─── Available data

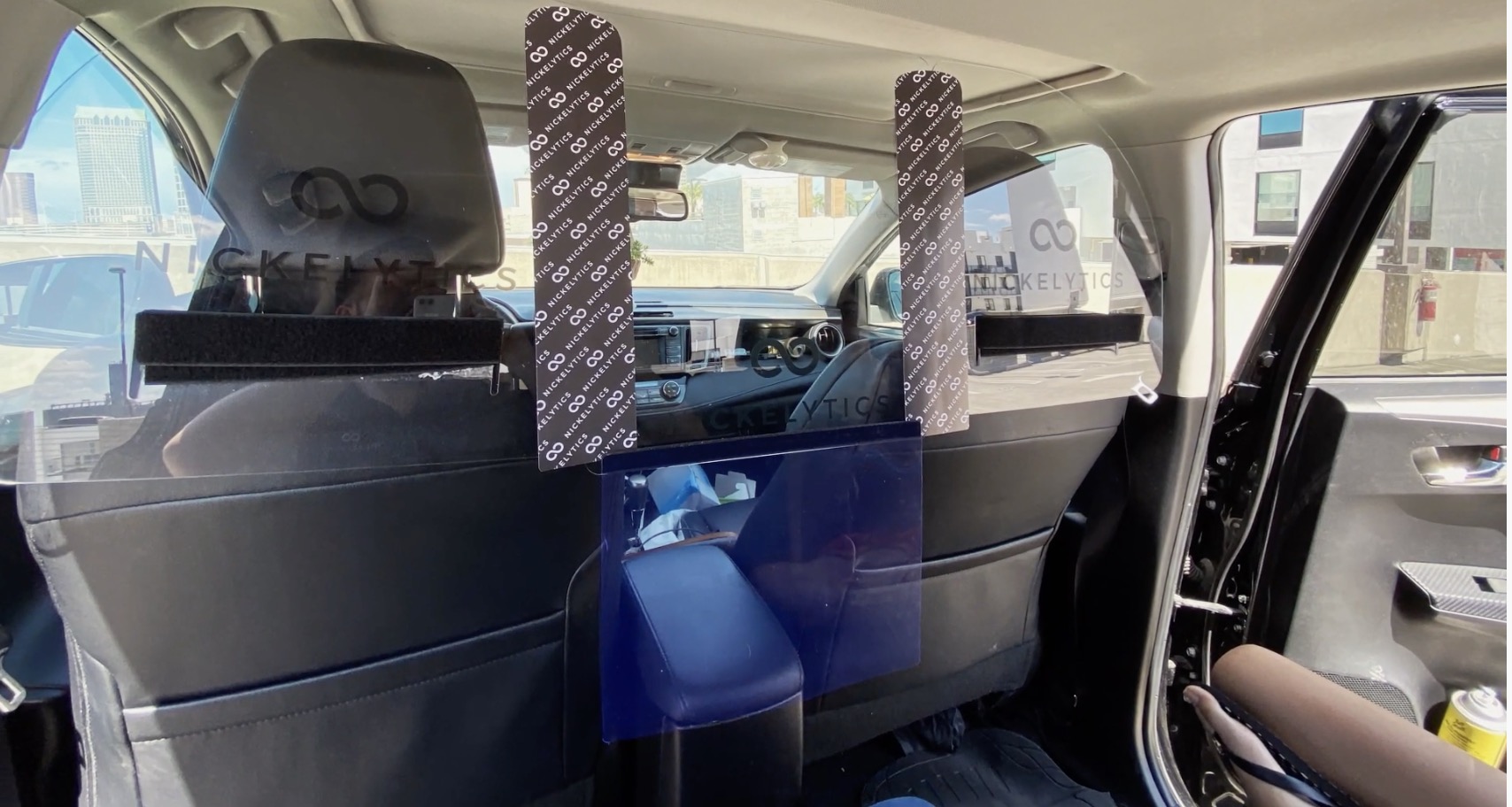 The Nickelytics ad shield is designed for ride-share, however. The plexiglass, which can be branded with a company logo or other marketing message, is flexible and can be quickly added or removed from a ride share vehicle.
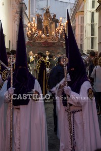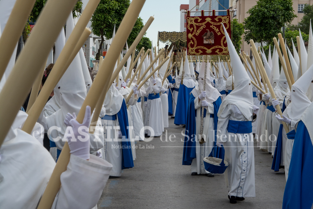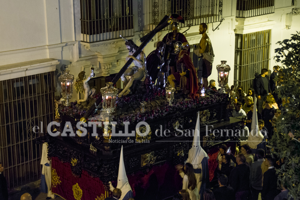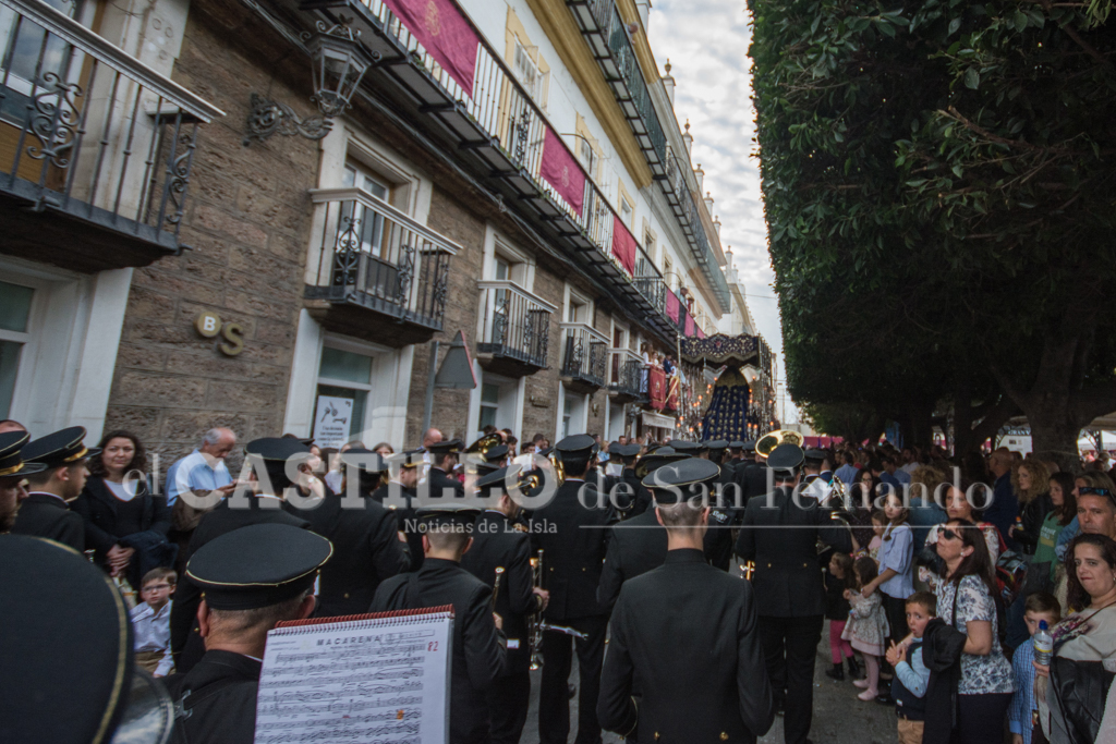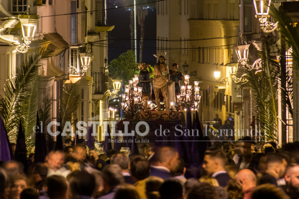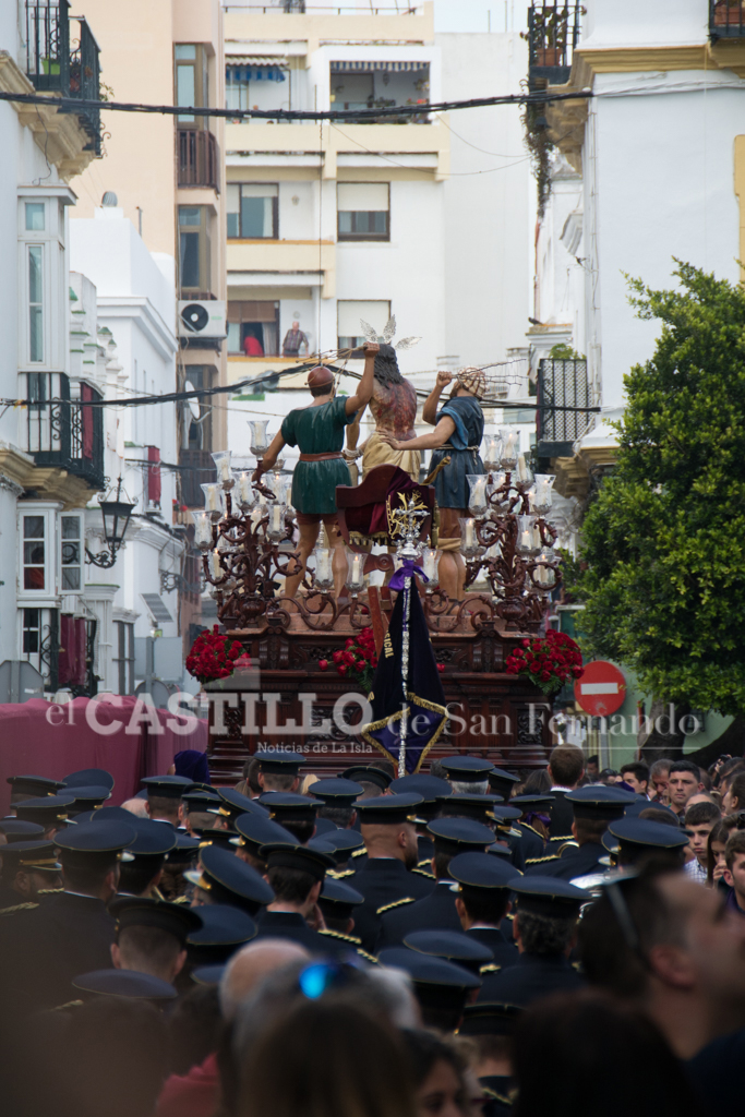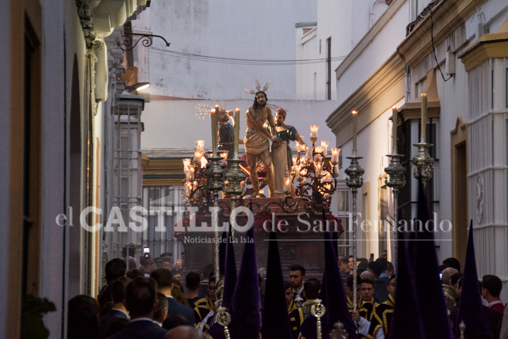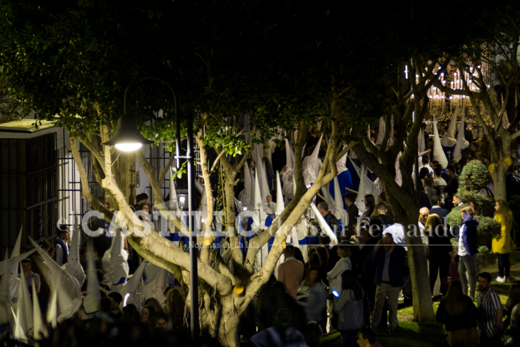 Y a las 18,20 se abrían las puertas de la Iglesia Mayor isleña par dar paso a la Hermandad de Columna, acompañada de sus hermanos con sus hábitos blancos y con capirotes de terciopelo morado, y a los sones la A.M. Nuestro Padre Jesús Nazareno de La Algaba, este año contaba con el estreno en el paso del Señor de la silla jamuga y sobre ella una clámide, realizada por el Taller Virgen del Carmen, de nuestra ciudad. El paso de la Virgen de las Lágrimas era acompañado por la Banda Enrique Montero de Chiclana.
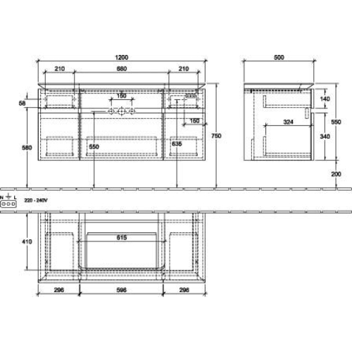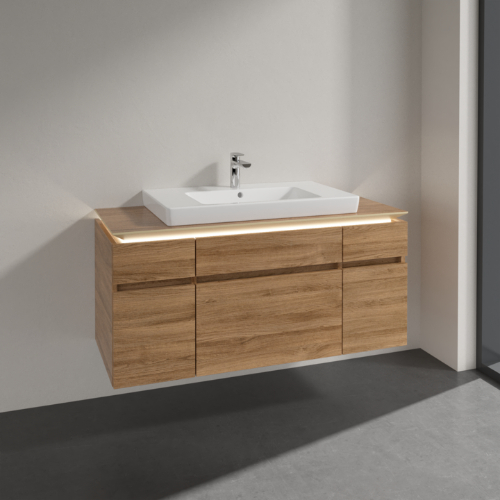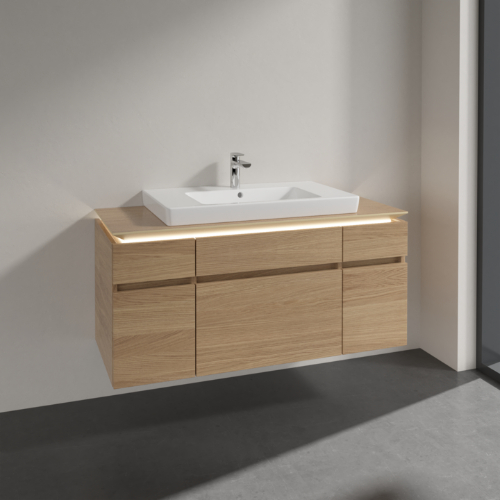 Villeroy & Boch Legato 5 Drawer Wall Hung Vanity Unit With 800mm Basin And Overflow, Led Light – 1200mm Wide

──────

What you have to do:
Write out the data above in full and exactly, but without the pictures.

Output below:
 The Nickelytics ad shield is designed for ride-share, however. The plexiglass, which can be branded with a company logo or other marketing message, is flexible and can be quickly added or removed from a ride share vehicle.
 Y a las 18,20 se abrían las puertas de la Iglesia Mayor isleña par dar paso a la Hermandad de Columna, acompañada de sus hermanos con sus hábitos blancos y con capirotes de terciopelo morado, y a los sones la A.M. Nuestro Padre Jesús Nazareno de La Algaba, este año contaba con el estreno en el paso del Señor de la silla jamuga y sobre ella una clámide, realizada por el Taller Virgen del Carmen, de nuestra ciudad. El paso de la Virgen de las Lágrimas era acompañado por la Banda Enrique Montero de Chiclana.
 Villeroy & Boch Legato 5 Drawer Wall Hung Vanity Unit With 800mm Basin And Overflow, Led Light – 1200mm Wide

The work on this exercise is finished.